• **GIVEN INFORMATION**

((

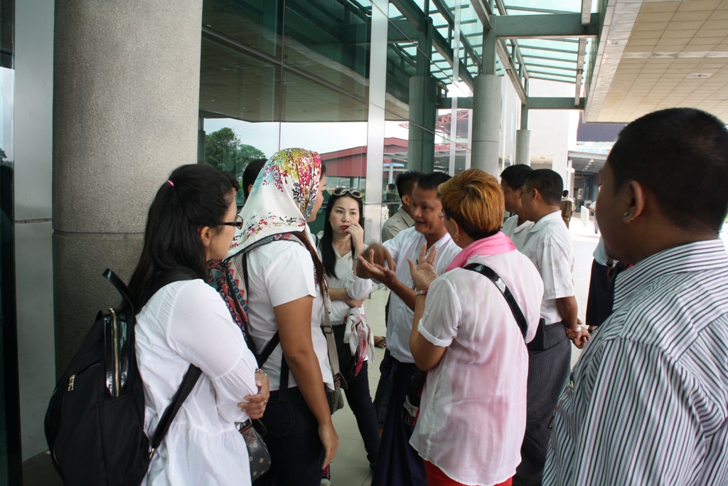 เดินทางจากสนามบินดอนเมืองกรุงเทพถึงสนามบินย่างกุ้งประมาณ 17:00 น. (เวลาเมืองไทยเร็วกว่าพม่า 30 นาที)มีรถเท็กซี่มารอรับเพราะได้ติดต่อจองไว้ล่วงหน้าชื่อ Mr Aung Ko ซึ้งพอพูดคุยสื่อสารภาษาอังกฤษได้เลยไม่
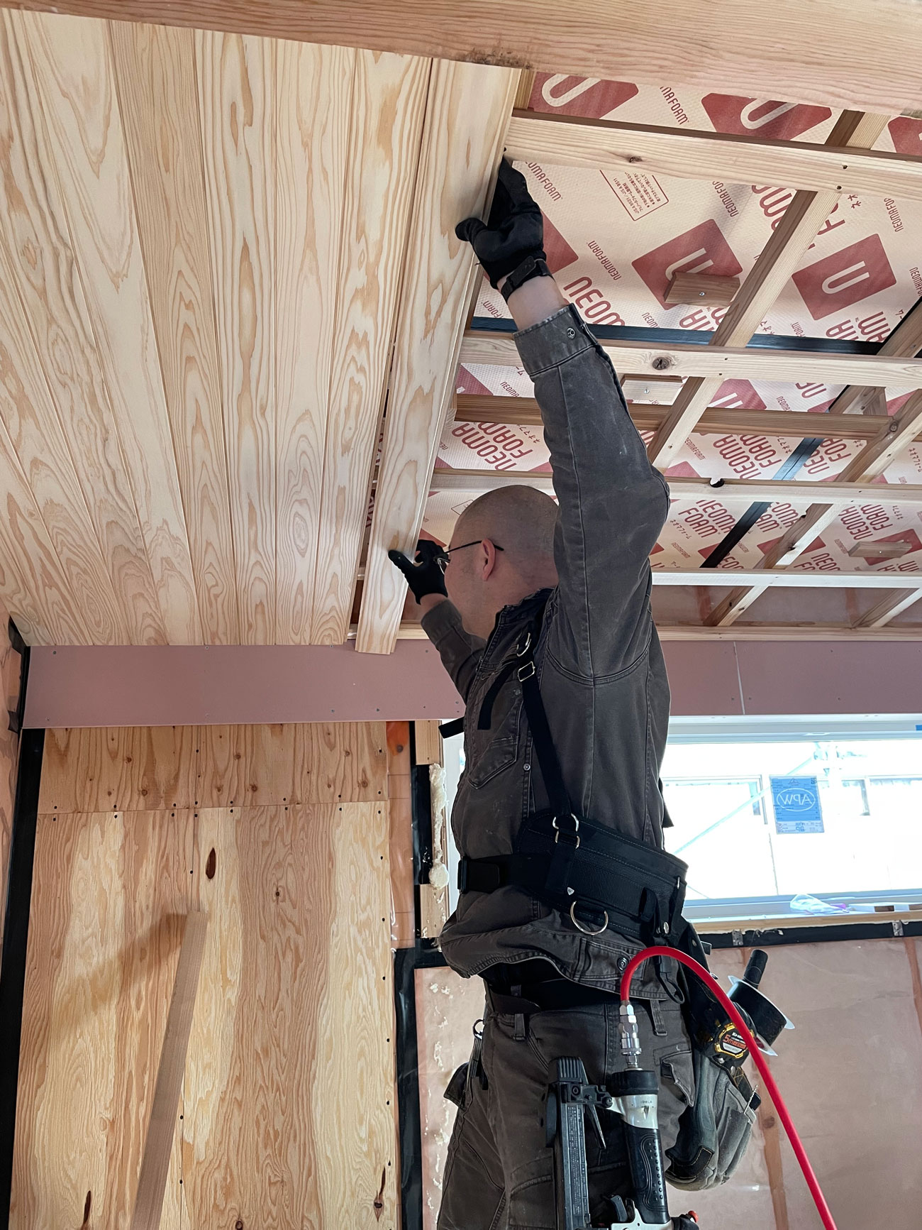 同じような木目が続かいないように注意して羽目板を貼りました。 勾配天井の羽目板仕上は迫力があります。ウレタンフォームでしっかりと断熱・気密処理を行いました。
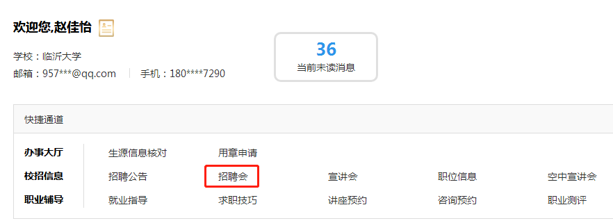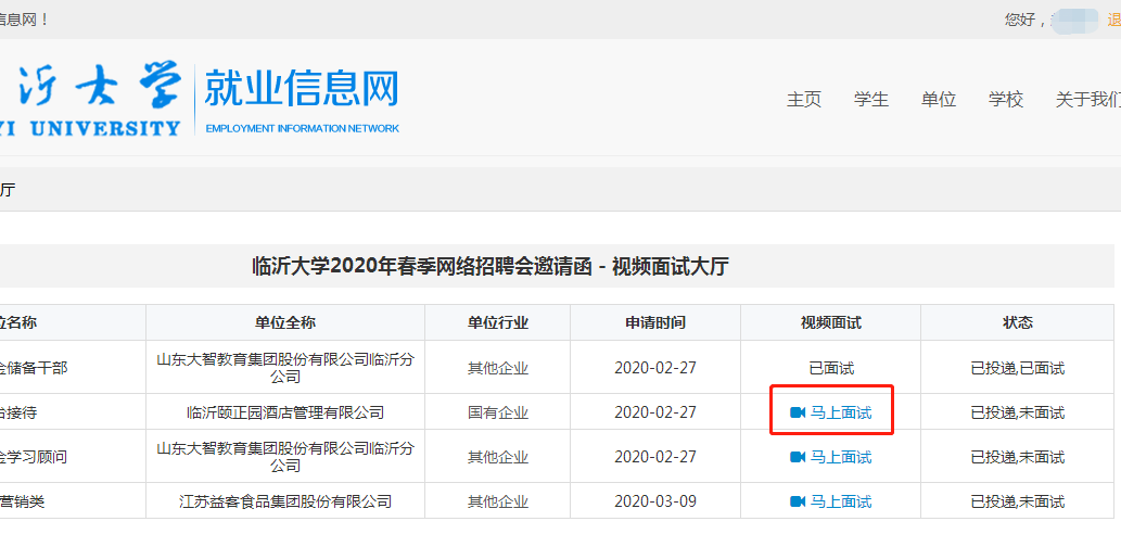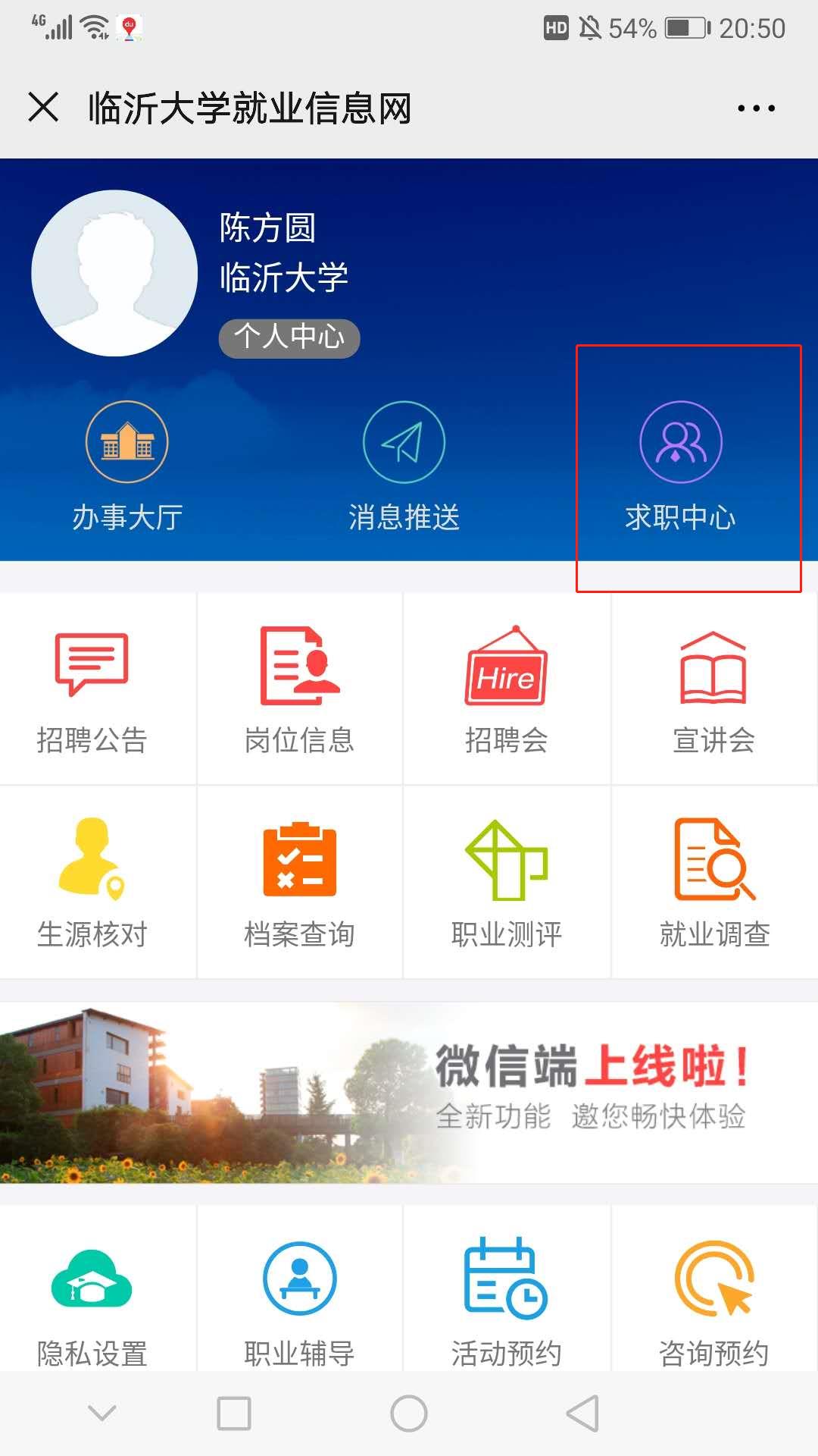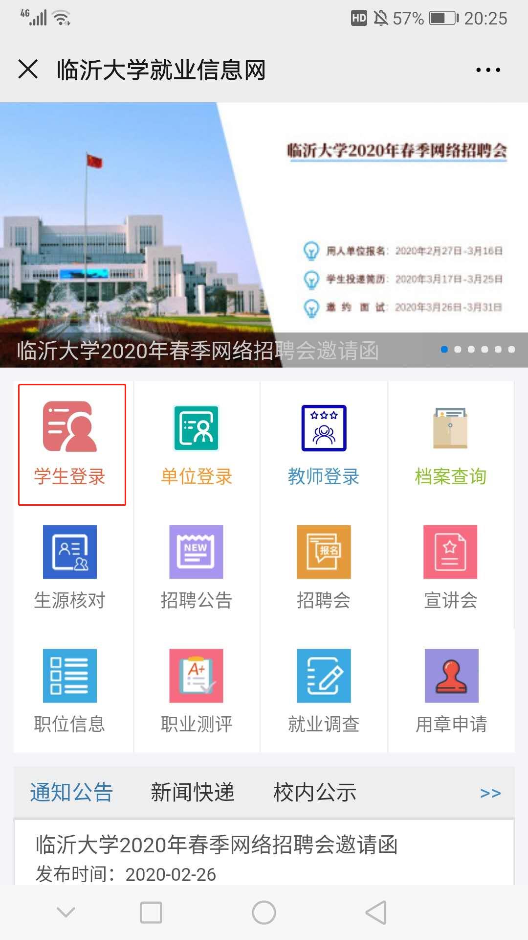 投递简历,点“招聘会”,找到“临沂大学2020年春季网络招聘会邀请函”,点击“进入会场”

))

• **TASK DESCRIPTION**
Write out the data word for word, with every picture dropped.

• **ANSWER TO THE EXERCISE**
 เดินทางจากสนามบินดอนเมืองกรุงเทพถึงสนามบินย่างกุ้งประมาณ 17:00 น. (เวลาเมืองไทยเร็วกว่าพม่า 30 นาที)มีรถเท็กซี่มารอรับเพราะได้ติดต่อจองไว้ล่วงหน้าชื่อ Mr Aung Ko ซึ้งพอพูดคุยสื่อสารภาษาอังกฤษได้เลยไม่
 同じような木目が続かいないように注意して羽目板を貼りました。 勾配天井の羽目板仕上は迫力があります。ウレタンフォームでしっかりと断熱・気密処理を行いました。
 投递简历,点“招聘会”,找到“临沂大学2020年春季网络招聘会邀请函”,点击“进入会场”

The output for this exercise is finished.